Low-Grade Or Follicular Non-Hodgkin"s Lymphoma
Patients with previously untreated follicular NHL evaluated in NHL Study 5 were randomized to rituximab as single-agent maintenance therapy (n=505) or observation (n=513) after achieving a response to rituximab in combination with chemotherapy. Of these, 123 (24%) patients in the rituximab arm were age 65 or older. No overall differences in safety or effectiveness were observed between these patients and younger patients. Other clinical studies of rituximab in low-grade or follicular, CD20-positive, B-cell NHL did not include sufficient numbers of patients aged 65 and over to determine whether they respond differently from younger subjects.

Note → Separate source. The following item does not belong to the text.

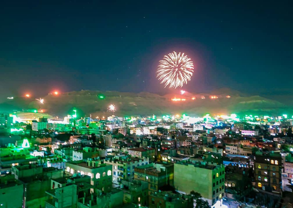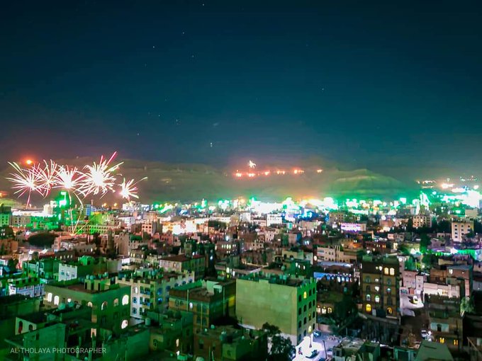 شاهد صنعاء قبل لحظات والألعاب النارية تضيء سماء العاصمة إحتفاءً وإبتهاجاً بالمولد النبوي (صور وفيديو)

Chronic Lymphocytic Leukemia
Among patients with CLL evaluated in two randomized active-controlled trials, 243 of 676 rituximab-treated patients (36%) were 65 years of age or older; of these, 100 rituximab-treated patients (15%) were 70 years of age or older.
In exploratory analyses defined by age, there was no observed benefit from the addition of rituximab to fludarabine and cyclophosphamide among patients 70 years of age or older in CLL Study 11 or in CLL Study 12; there was also no observed benefit from the addition of rituximab to fludarabine and cyclophosphamide among patients 65 years of age or older in CLL Study 12 . Patients 70 years or older received lower dose intensity of fludarabine and cyclophosphamide compared to younger patients, regardless of the addition of rituximab. In CLL Study 11, the dose intensity of rituximab was similar in older and younger patients, however in CLL Study 12 older patients received a lower dose intensity of rituximab.

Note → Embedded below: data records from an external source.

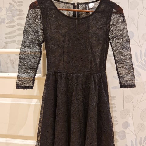 Myydään musta pitsimekko, jonka koko on 34/S.
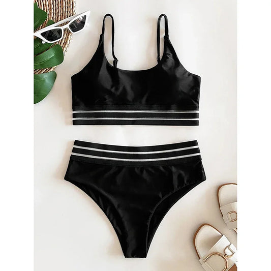 S -XL Splicing Retro Bikini Female Swimsuit Asymmetric Mid Waist
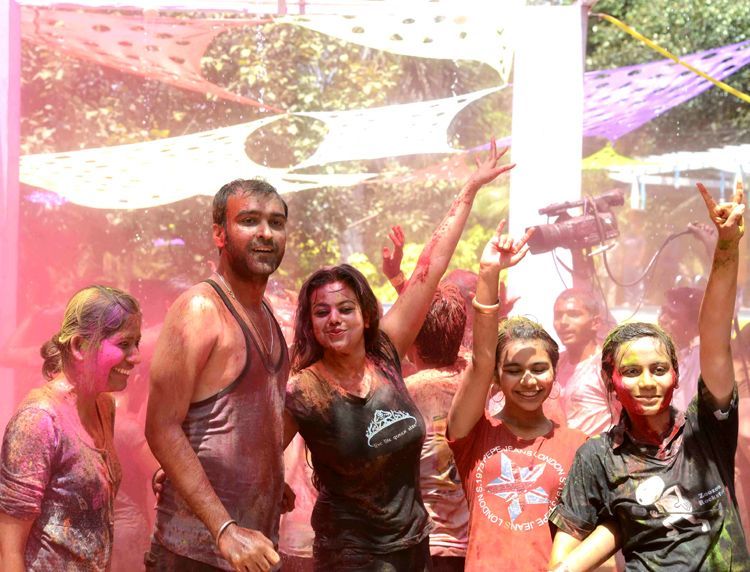 Holi revellers participate in a rain dance on the eve of Holi in Hyderabad.

The incidence of Grade 3 and 4 adverse reactions was higher among patients receiving R-FC who were 70 years or older compared to younger patients for neutropenia (44% vs. 31% (CLL Study 11); 56% vs. 39% (CLL Study 12)), febrile neutropenia (16% vs. 6% (CLL Study 10 (NCT00719472)), anemia (5% vs. 2% (CLL Study 11); 21% vs. 10% (CLL Study 12)), thrombocytopenia (19% vs. 8% (CLL Study 12)), pancytopenia (7% vs. 2% (CLL Study 11); 7% vs. 2% (CLL Study 12)), and infections (30% vs. 14% (CLL Study 12)).

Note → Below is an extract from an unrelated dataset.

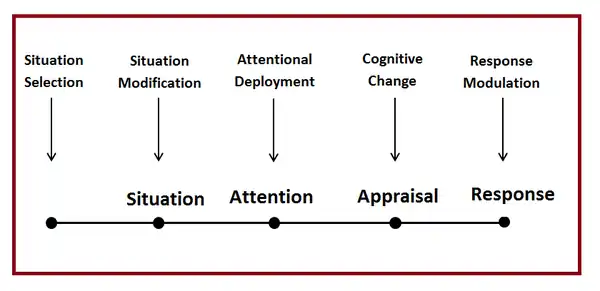 The process model of emotional regulation attempts to describe how different emotion regulating strategies can occur at different points in the emotion generation process. According to the modal model of emotion, the situation leads to attention, which leads to a cognitive appraisal, which then leads to a response (Gross & Thompson, 2007). In Gross's process model, there are 5 different strategies that can be used to manage emotion different stages of the modal model. They can be divided into two main categories (Gross, 2002):
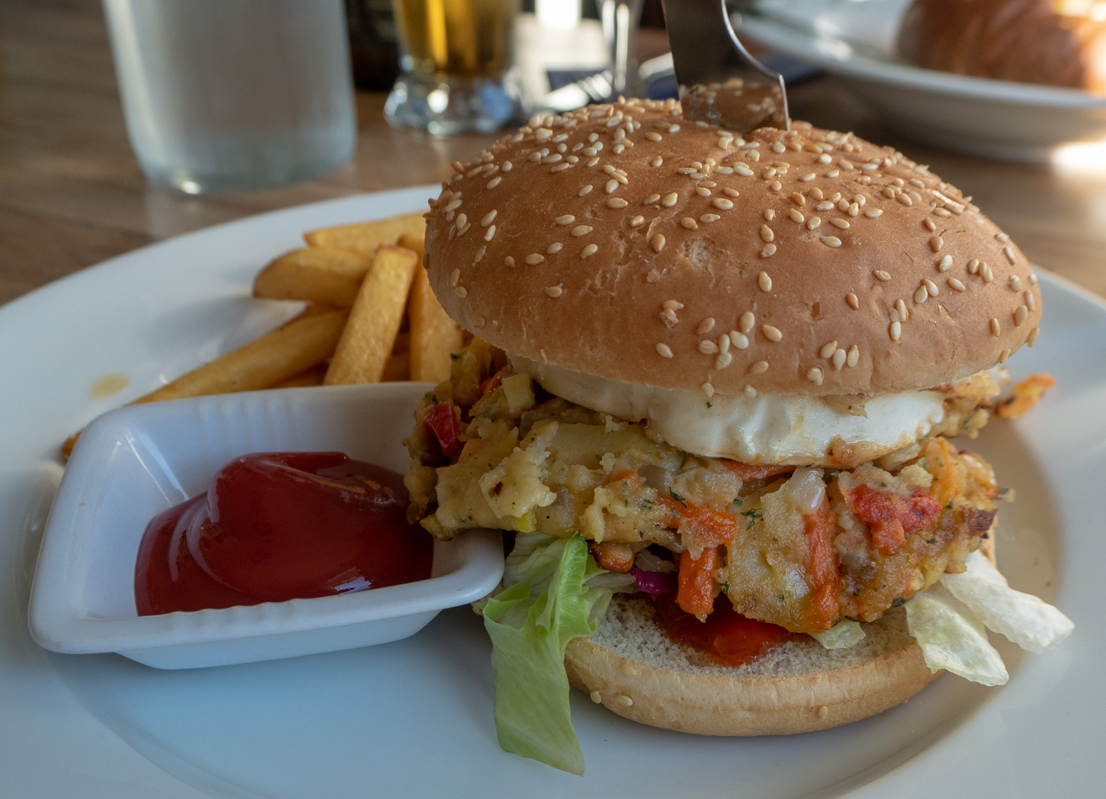 Hotellin alakerrassa on ravintola, joten siinä missä Säppiin on lähdettävä eväiden kanssa, Kylmäpihlajalle ei välttämättä tarvitse ottaa mukaan mitään. Me söimme illalla paikan ilmeisen legendaarisen leivän sisällä tarjotun lohikeiton ja puosun burgerin kasvispihvillä ja vuohenjuustolla. Maittavia valintoja molemmat. Omaa oluttakin löytyy, kuten myös omaa suklaata! Huoneen hintaan kuulunut aamiainen oli myös ihan riittävä, joskaan se ei erityisiä maininnan arvoisia kohokohtia sisältänyt.

Granulomatosis With Polyangiitis (GPA) (Wegener"s Granulomatosis) And Microscopic Polyangiitis
Of the 99 rituximab-treated GPA and MPA patients in GPA/MPA Study 1, 36 (36%) were 65 years old and over, while 8 (8%) were 75 years and over. No overall differences in efficacy were observed between patients that were 65 years old and over and younger patients. The overall incidence and rate of all serious adverse events was higher in patients 65 years old and over. The clinical study did not include sufficient numbers of patients aged 65 and over to determine whether they respond differently from younger subjects.
In GPA/MPA Study 2, 30 (26%) of the enrolled patients were at least 65 years old, of which 12 patients were exposed to non-U.S.-licensed rituximab and 18 were exposed to azathioprine. The clinical study did not include sufficient numbers of patients aged 65 and over to determine whether they respond differently from younger subjects.